Candidate formats: raw HTML, pure Markdown files, pure MDX files, a fully
custom block-JSON format (Notion-style), or a hybrid.
## Decision
Adopt the **hybrid format specified in `03-content-format.md` and
`docs/schemas/`**: each problem/course version is a **JSON document** whose
structure (metadata, answer spec, hints, solutions, widget references,
prerequisites) is schema-validated, and whose prose fields contain
**restricted MDX** (CommonMark + GFM tables + math + a fixed component
whitelist).
Key rules:
1. **JSON owns structure; MDX owns prose.** Anything the machine must
understand (answer type, tolerance, choice correctness, hint ordering,
widget bindings) is a JSON field — never parsed out of prose.
2. **Restricted MDX, compiled server-side.** The MDX pipeline accepts only
whitelisted components (``, ``, ``,
``, ``, `` …). Unknown JSX, `import`,
`export`, and expression evaluation are **rejected at validation time**,
not silently stripped. Contributor MDX is therefore data, not code.
3. **No raw HTML.** The Markdown pipeline runs with raw HTML disabled;
sanitization is defense-in-depth, not the primary safety mechanism.
4. **`schema_version` on every document**, with explicitly written
migrations between schema versions (stored in the repo, run as Celery
backfills). Old versions are migrated lazily on read and persisted on
next write.
5. **Canonical serialization** (sorted keys, normalized whitespace in MDX)
so version diffs in review are semantic, not cosmetic.
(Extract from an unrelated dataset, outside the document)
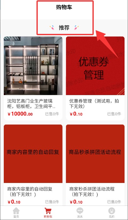 4、底部导航栏设有购物车图标和“为你推荐”板块,便于随时查看已选商品与发现新品。

## Alternatives Considered
- **Raw HTML (editor output).** Unvalidatable, ungradable, unsafe,
un-diffable in any meaningful way. Explicitly prohibited by the brief.
Rejected.
- **Pure MDX files (content-as-repo).** Attractive (git-native), but answer
specs in frontmatter are weakly validated, structured queries ("all
numeric problems tagged calculus") require parsing every file, and
letting MDX be *actual code* contradicts the security model. Rejected.
- **Fully custom block JSON (no Markdown).** Maximum machine control, but
hostile to contributors who write Markdown/LaTeX fluently, and it forces
us to build an editor for every prose construct. Rejected.
- **Per-field Markdown (no MDX components).** Simpler, but loses typed
figures, widget slots, and callouts; we'd reinvent them as pseudo-syntax.
Rejected.
## Consequences
- ✅ Every version is validatable, diffable, exportable, and gradeable;
reviews can show structured diffs ("tolerance changed 0.01 → 0.05").
- ✅ Server-side MDX compilation with a closed component set eliminates the
contributor-JSX attack surface (widgets get their own sandbox, ADR-0009).
- ⚠️ The editor must round-trip restricted MDX faithfully; TipTap ↔ MDX
serialization is real engineering and owns its own test suite.
- ⚠️ Schema migrations are a permanent maintenance duty; the
`schema_version` discipline and migration test harness are non-optional.
- ⚠️ Authors used to full MDX will hit the whitelist wall; the validator
returns precise, friendly errors listing allowed components.